[Records contained in a dataset]

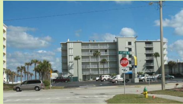
Sidewalk is located along the south side of Osceola Avenue

Recommendations: Review the possibility of providing a signal at the intersection of S.R. A1A and Osceola Avenue, especially if students live on the east side of S.R. A1A. The crosswalk should align with the sidewalk along the south side of Osceola Avenue.
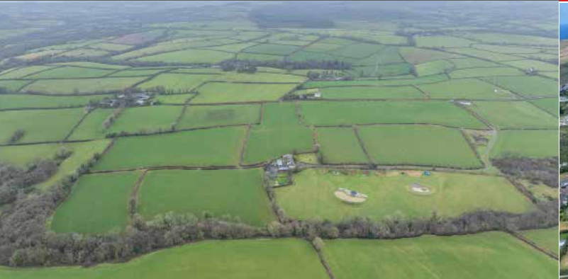
Land at Polzeath

Ashwater, Beaworthy | Guide Price £620,000
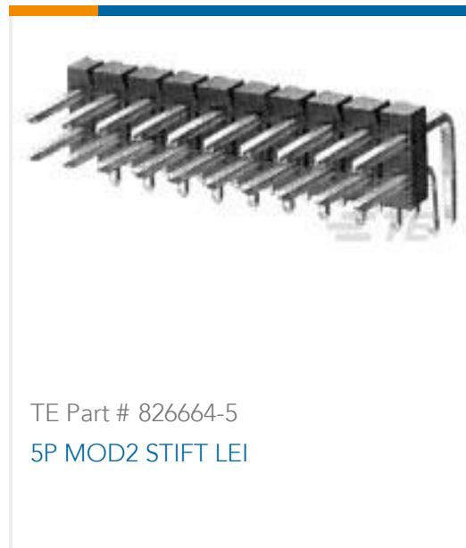
TE Part # 826664-5 5P MOD2 STIFT LEI

◆ PROMPT:
Each entry should be copied exactly as written, though any pictures stay out.

◆ EXERCISE RESPONSE:
Sidewalk is located along the south side of Osceola Avenue

Recommendations: Review the possibility of providing a signal at the intersection of S.R. A1A and Osceola Avenue, especially if students live on the east side of S.R. A1A. The crosswalk should align with the sidewalk along the south side of Osceola Avenue.
Land at Polzeath

Ashwater, Beaworthy | Guide Price £620,000
TE Part # 826664-5 5P MOD2 STIFT LEI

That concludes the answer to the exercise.